El anillo en la copa, la lista de todo lo malo que se quema para dejarlo atrás, la pierna levantada como una garza para empezar el año con el pie derecho y las uvas, doce como las campanadas, corriendo, corriendo para conjurar la suerte.

Hoy te las tomas con tu hijo confinado en su habitación de niño, con una puerta de por medio. Tan raro. El bicho. 

Se acaba un año, empieza otro.

Propósitos que caducan a la semana, la ilusión de que mejore lo que pueda mejorar y que no empeore lo que ya se tiene. ¡Bah! Las cosas ya han cambiado.

Te lo quieres imaginar como un folio en blanco. Con olor a nuevo o a polvos de talco de recién nacido. Pero te huele a lo mismo que el 2021 y que el 2020. A miedo, a rancio, a cansancio, a desesperanza y a una inconmensurable hartura.

El epitafio de 2021 se lo dejamos a Pedro Sánchez. Su Persona.

El que hirió de muerte al periodismo durante el confinamiento, y lo ha dejado agonizando a fuerza de aguinaldos con dinero ajeno, comparece para “rendir cuentas” (sic) al acabar el año, pero sólo ante la prensa amiga.   

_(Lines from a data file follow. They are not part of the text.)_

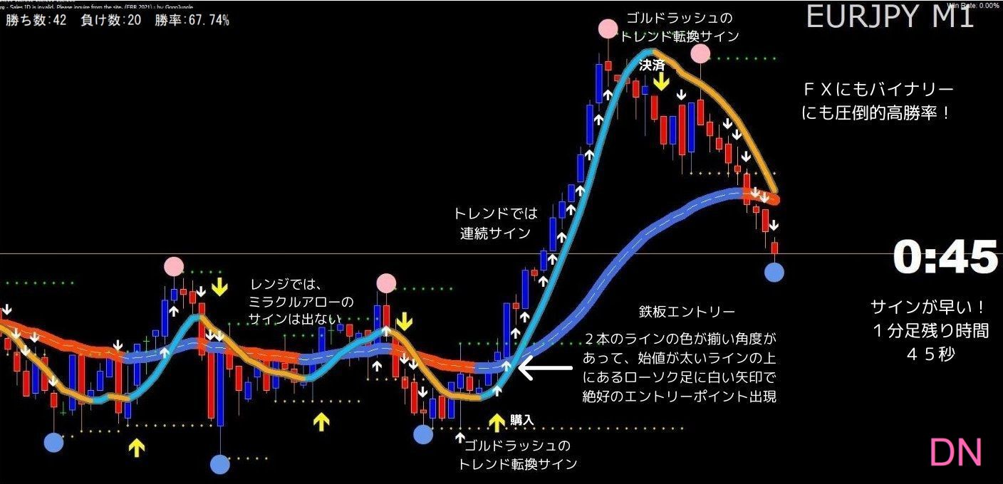 ①2本のラインの色が揃って、②その方向に「ゴールド・ラッシュ」の黄色の大矢印が出て、③同じ方向に「ミラクル・アロー」の白い小矢印が出たら、④同方向に動き始めたタイミングで、エントリーします。
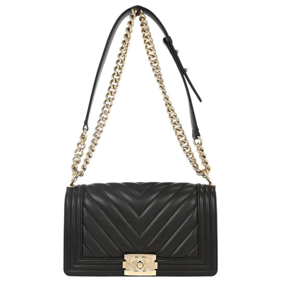 Boy Chanel Black Lambskin Chevron Medium Shoulder Bag
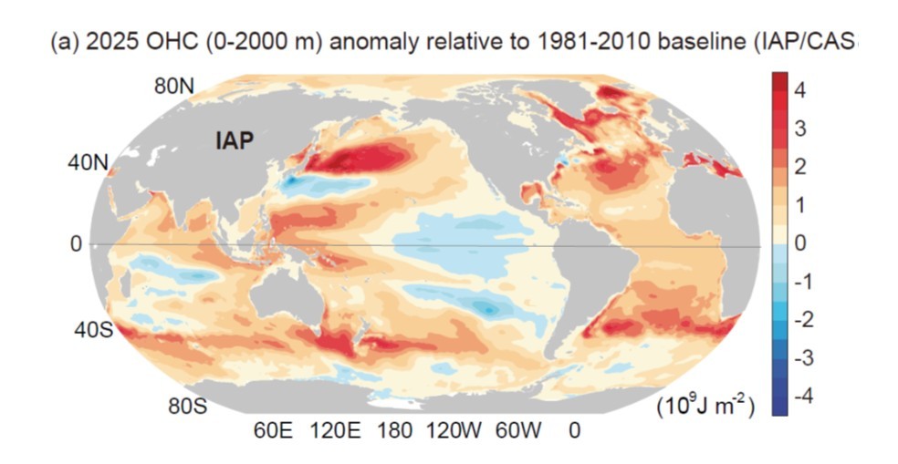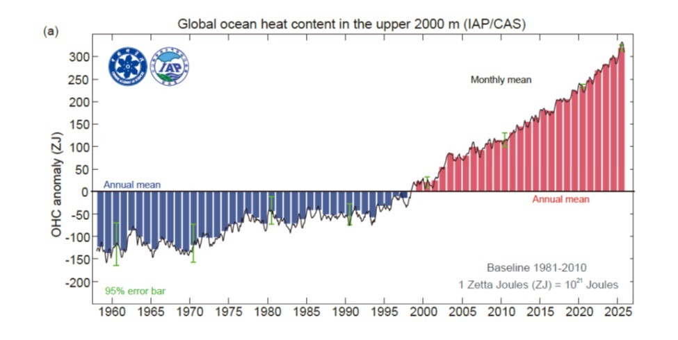 Figuren er fra en artikkel av Pan og medarbeidere (Pan et al, 2026 – Ocean Heat Content Sets Another Record in 2025). Artikkelen viser også tilsvarende figurer for to andre datasett. Trendene stemmer bra overens. Økende konsentrasjon av klimagasser i atmosfæren er hovedårsaken til det økte varmeinnholdet. Reduserte mengder aerosoler (partikler) har også spilt en rolle siden de fleste aerosoler har en avkjølende effekt.
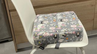 Asientos elevadores (2) para sillas con un divertido estampado de animales polares y pingüinos. - Funda de tejido resistente y lavable. - Correas de sujeción para la silla.

“La pandemia no ha sido un freno, sino un acelerador de un gran proceso de modernización que está viviendo España”. Bendita pandemia, benditos muertos (más de 130.000), qué generosidad aceptando gustosos el sacrificio de convertirse en el motor de la vanguardia española.

La doctrina del concilio de Davos va dejando su rastro de miguitas hasta que el mensaje cale. Sánchez, alumno aventajado de Klaus Schwab, pretende que traspasemos las paredes de nuestra realidad y le creamos. Mire. No.

Sabemos que el mundo no va a volver a ser como era, que España no va a volver a ser lo que era, pero a diferencia de esa elite encaramada al monte Davos o de la que pulula por las Cortes y por los ministerios, sabemos a ciencia cierta que lo que viene no nos va a gustar. Probablemente porque lo que hay tampoco nos gusta.

Primer artículo del enero pasado: se fue Donald Trump y Toro Sentado encabezó el asalto al Capitolio de Washington. Hoy se baraja prejubilar a Joe Biden. En poco más de un año. ¿Qué esperaban? 

Llegó febrero, hubo elecciones en Cataluña y la mayoría constitucionalista se quedó en su casa. Aun así (que vicio tienen), los cachorros bien alimentados del independentismo volvieron a hacer arder las calles de Barcelona.

Hoy gobiernan los de siempre, los huéspedes de Lledoners duermen en sus casas, Netflix será en catalán o no será y la avenida Meridiana sigue cortada por los hijos de los de siempre.   

Pero hay un cambio y no viene de los políticos, sino de la sociedad civil. Un niño prendió la llama en Canet de Mar y el incendio amenaza con poner el riesgo la paz del régimen y hasta la de Baleares. Desde abajo. Desde donde duele.

También hubo elecciones en Madrid y en toda España hubo muchísima gente que deseó poder votar allí y, sobre todo, tener los resultados de allí. Después de aquello, el globo se hinchó y por un momento pareció imparable en su ascenso. Hoy anda flácido sin que la gente que no habita el croma de los partidos entienda muy bien porqué.

Por lo demás, un año después, nos atrapan otras elecciones: las de Castilla y León. Segundo Madrid, el apresurado aborto de la España vaciada o volver a pillar el viento a favor. Ojo con lo que deseas.  

Cayó la estrella de Pablo Iglesias, hoy brilla la de la pía Yolanda Díaz. Mañana ¿quién sabe? En el partido obsesionado por el sexo y las admoniciones (esto último, muy de comunistas) todo es exactamente lo que parece. 

Empezamos con nieve y acabamos con fuego. De Filomena al volcán de la Palma (“espectáculo maravilloso”). Los desastres a lo grande se nos han hecho habituales. ¿Acaso el Gobierno no lo es?

Abro mi agenda Moleskine de 2022. La del 21 era fucsia; la del 20, turquesa. Este año es negra. No había donde elegir.

Propósito de año nuevo: no sobrevivir, vivir.